■ Exercise description
Look for the word "that" in the material below, then report each line where it occurs.

■ Source information
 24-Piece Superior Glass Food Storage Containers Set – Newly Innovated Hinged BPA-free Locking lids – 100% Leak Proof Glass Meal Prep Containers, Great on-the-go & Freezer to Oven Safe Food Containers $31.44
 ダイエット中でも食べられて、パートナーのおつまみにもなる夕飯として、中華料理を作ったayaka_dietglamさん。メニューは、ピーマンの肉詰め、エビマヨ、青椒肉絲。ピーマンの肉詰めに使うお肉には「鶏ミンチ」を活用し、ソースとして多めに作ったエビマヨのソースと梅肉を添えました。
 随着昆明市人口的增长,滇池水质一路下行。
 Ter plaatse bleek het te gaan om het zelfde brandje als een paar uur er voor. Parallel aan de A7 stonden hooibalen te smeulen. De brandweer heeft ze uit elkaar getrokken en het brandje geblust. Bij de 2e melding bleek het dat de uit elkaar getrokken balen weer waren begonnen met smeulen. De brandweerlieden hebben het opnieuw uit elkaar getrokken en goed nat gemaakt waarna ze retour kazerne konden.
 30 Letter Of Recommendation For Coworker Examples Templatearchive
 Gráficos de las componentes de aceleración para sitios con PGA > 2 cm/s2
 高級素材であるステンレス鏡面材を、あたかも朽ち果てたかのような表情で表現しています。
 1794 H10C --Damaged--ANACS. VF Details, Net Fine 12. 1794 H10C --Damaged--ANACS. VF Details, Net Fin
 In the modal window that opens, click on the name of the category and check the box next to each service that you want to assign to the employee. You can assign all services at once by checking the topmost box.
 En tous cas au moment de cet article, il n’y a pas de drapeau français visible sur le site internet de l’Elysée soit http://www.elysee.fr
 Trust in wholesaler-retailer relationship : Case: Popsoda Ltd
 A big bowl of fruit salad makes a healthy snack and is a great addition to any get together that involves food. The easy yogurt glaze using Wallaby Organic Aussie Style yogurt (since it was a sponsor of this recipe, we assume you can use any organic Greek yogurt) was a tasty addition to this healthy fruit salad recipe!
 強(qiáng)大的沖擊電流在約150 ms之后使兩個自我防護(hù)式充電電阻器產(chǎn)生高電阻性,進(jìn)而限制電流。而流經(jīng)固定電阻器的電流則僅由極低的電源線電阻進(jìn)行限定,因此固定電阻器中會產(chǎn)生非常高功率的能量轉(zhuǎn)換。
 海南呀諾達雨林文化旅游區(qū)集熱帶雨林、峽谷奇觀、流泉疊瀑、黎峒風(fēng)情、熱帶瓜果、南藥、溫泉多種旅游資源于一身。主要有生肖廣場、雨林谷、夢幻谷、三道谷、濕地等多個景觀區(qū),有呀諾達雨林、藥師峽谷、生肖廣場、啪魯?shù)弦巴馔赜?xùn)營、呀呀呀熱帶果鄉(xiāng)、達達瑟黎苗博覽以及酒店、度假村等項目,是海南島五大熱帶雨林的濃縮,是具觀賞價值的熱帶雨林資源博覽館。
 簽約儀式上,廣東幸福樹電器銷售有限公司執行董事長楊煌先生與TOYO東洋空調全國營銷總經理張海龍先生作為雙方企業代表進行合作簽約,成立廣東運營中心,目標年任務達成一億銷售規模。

■ Finished task
 In the modal window that opens, click on the name of the category and check the box next to each service that you want to assign to the employee. You can assign all services at once by checking the topmost box.
 A big bowl of fruit salad makes a healthy snack and is a great addition to any get together that involves food. The easy yogurt glaze using Wallaby Organic Aussie Style yogurt (since it was a sponsor of this recipe, we assume you can use any organic Greek yogurt) was a tasty addition to this healthy fruit salad recipe!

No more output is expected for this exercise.